Signalman MacQueen loitered for a few moments to watch the men on the parade square. The first thing these men had to learn was to distinguish the voice of their sergeant above the hubbub of the others, all shouting at the same time. MacQueen focused on Bill Cyples’ voice. He issued a stream of profanity, but it wasn’t vulgar like the others—it was really rather amusing. He wasn’t rigid either. Unlike the others, Sergeant Cyples ranged up and down with his men. The awkward squad was trying desperately to please him. He chided them and verbally assaulted them, but underneath was a tone of jollity. In a way, he was pleading with them to improve. They were of varied ages and sizes, all intently trying to get the knack of this ritual. Cyples threw his hands up in mock despair and winked at MacQueen. MacQueen moved on with the more sombre notes of Browne’s voice in his ear. He noticed the dye running on the old ex-major’s brow. The sergeant major stood by haughtily and didn’t utter a sound.

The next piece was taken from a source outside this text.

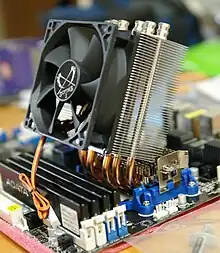 A heat sink (also commonly spelled heatsink,[1]) is a passive heat exchanger that transfers the heat generated by an electronic or a mechanical device to a fluid medium, often air or a liquid coolant, where it is dissipated away from the device, thereby allowing regulation of the device's temperature. In computers, heat sinks are used to cool CPUs, GPUs, and some chipsets and RAM modules. Heat sinks are used with other high-power semiconductor devices such as power transistors and optoelectronics such as lasers and light-emitting diodes (LEDs), where the heat dissipation ability of the component itself is insufficient to moderate its temperature.

MacQueen cut through some trees to head for the quartermaster stores and thought of his new friend’s ambition to become an officer. The young signalman knew a good deal about officers and their attitudes—he had been brought up with them. Instinctively, he felt that Sergeant Cyples’ sardonic attitude and rough tongue would work against him. Being an officer and being a soldier were not necessarily the same thing. He knew that, given time, he would bridge the gap as his attitudes were already formed. He had a nagging doubt about his friend. Possibly he could be of some help after all. If Bill Cyples was going to protect him it was the least he could do. Refining rough diamonds is a delicate art and he didn’t want to offend his new friend.

The thumbtacks were always disappearing from the notice boards, and MacQueen carried a box in his dispatch case. Where do they go? he wondered. He headed for the canteen to post the orders there.